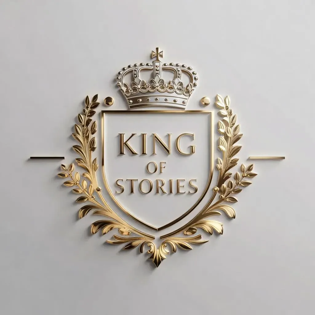 Create a luxurious logo for Instagram storytelling pages featuring a royal mark, "King of Stories," in opulent gold tones. Sleek, minimalist design exudes exclusivity and regal elegance for premium brand identity.
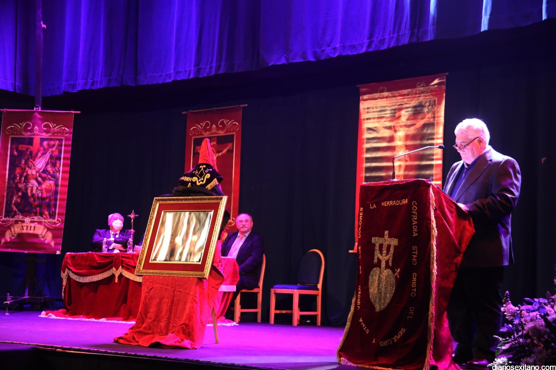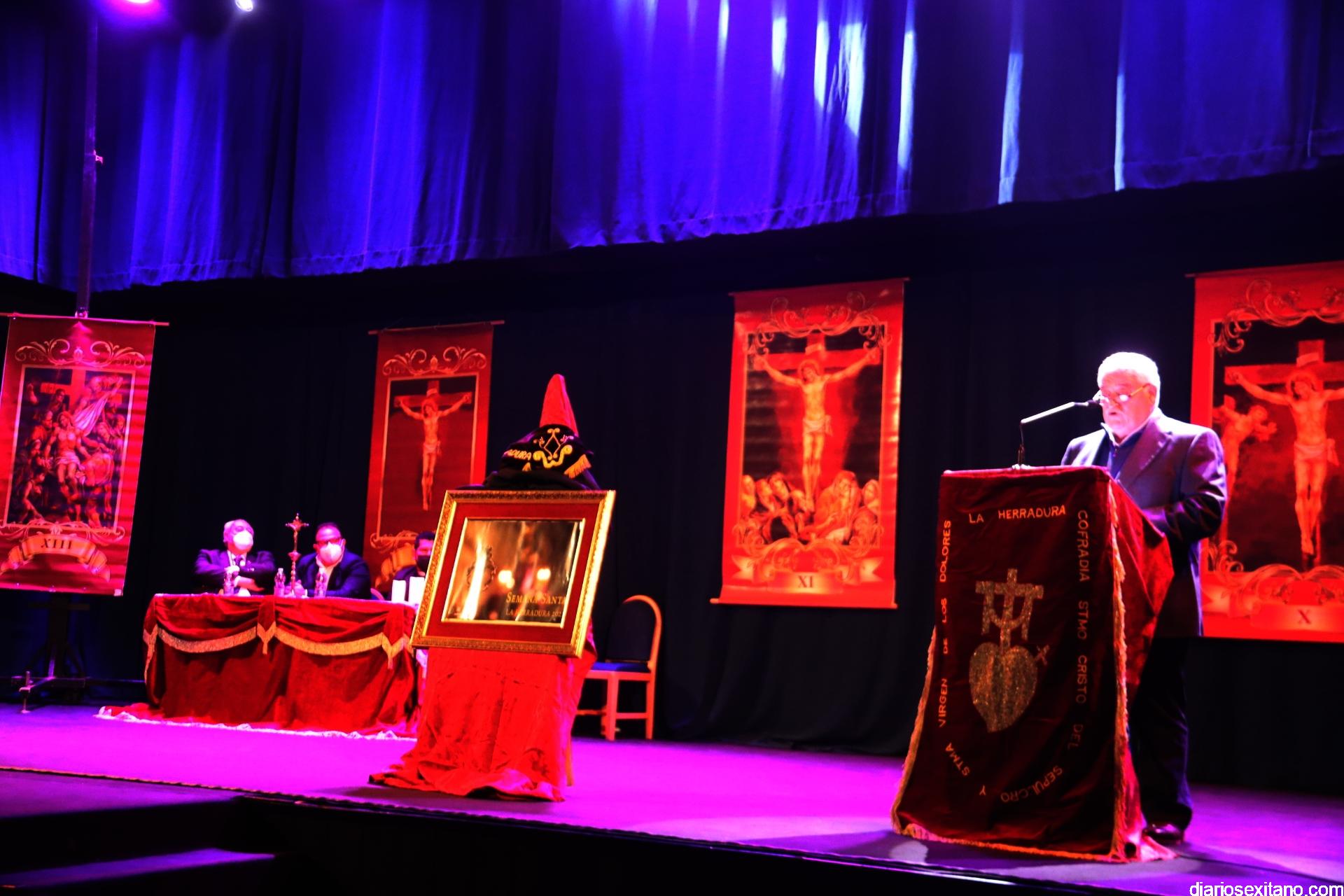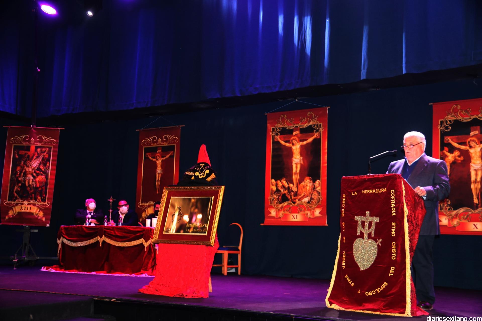 Fue un sentido y emocionado pregón, especialmente, cuando describió sus vivencias en la Semana Santa herradureña, desde la infancia pasando por la juventud hasta llegar a adulto. Un recorrido a los momentos más destacados de las Semana de Pasión y de las imágenes del Nazareno, Virgen de los Dolores y, sobre todo, el Cristo yaciente, que realizó el artista local Pepe Gámez.
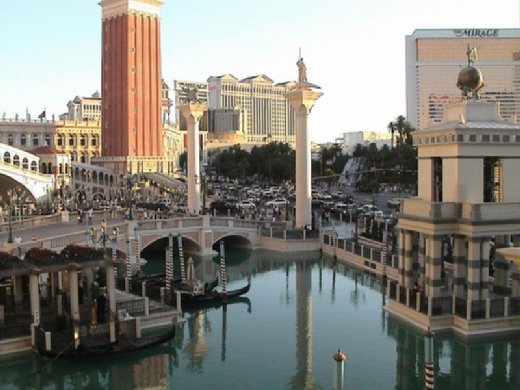 賭城別出心裁的建築,倒是挺有看頭。在那條主要街道(The Strip)上,一個個精緻氣派、造型各異的豪華大賭場及酒店秀場,有紐約、巴黎、羅馬、威尼斯、埃及、狄斯奈樂園,熱帶雨林……等不同造型主題,簡直是個迷你地球村。各賭場也都是金碧輝煌的極盡奢華之能事,十足浮華世界的一個縮影。
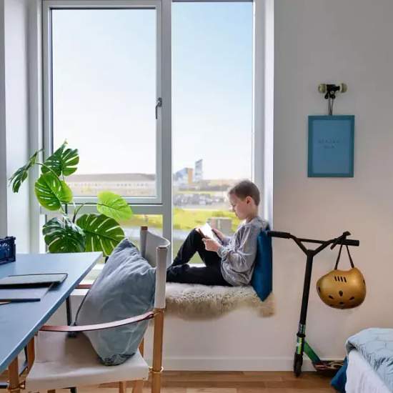 The apartment 3-room well-lit family apartment. Lovely large living room with access to a south-facing balcony suitable for furnishing. Connected to the living room is a modern white Invita kitchen with plenty of cupboard space and appliances from Gram, including a dishwasher. Bedroom with built-in wardrobes. One children's room with plenty of space. Spacious and inviting bathroom with tiles on the floor and in the shower area, as well as underfloor heating. Molded sink, wall-hung toilet and a washer-dryer column. Beautiful oak strip-parquet...
::::::::::
[Required action] To complete the exercise, return the listing above exactly and omit its pictures.

[Answer to this exercise]
 Create a luxurious logo for Instagram storytelling pages featuring a royal mark, "King of Stories," in opulent gold tones. Sleek, minimalist design exudes exclusivity and regal elegance for premium brand identity.
 Fue un sentido y emocionado pregón, especialmente, cuando describió sus vivencias en la Semana Santa herradureña, desde la infancia pasando por la juventud hasta llegar a adulto. Un recorrido a los momentos más destacados de las Semana de Pasión y de las imágenes del Nazareno, Virgen de los Dolores y, sobre todo, el Cristo yaciente, que realizó el artista local Pepe Gámez.
 賭城別出心裁的建築,倒是挺有看頭。在那條主要街道(The Strip)上,一個個精緻氣派、造型各異的豪華大賭場及酒店秀場,有紐約、巴黎、羅馬、威尼斯、埃及、狄斯奈樂園,熱帶雨林……等不同造型主題,簡直是個迷你地球村。各賭場也都是金碧輝煌的極盡奢華之能事,十足浮華世界的一個縮影。
 The apartment 3-room well-lit family apartment. Lovely large living room with access to a south-facing balcony suitable for furnishing. Connected to the living room is a modern white Invita kitchen with plenty of cupboard space and appliances from Gram, including a dishwasher. Bedroom with built-in wardrobes. One children's room with plenty of space. Spacious and inviting bathroom with tiles on the floor and in the shower area, as well as underfloor heating. Molded sink, wall-hung toilet and a washer-dryer column. Beautiful oak strip-parquet...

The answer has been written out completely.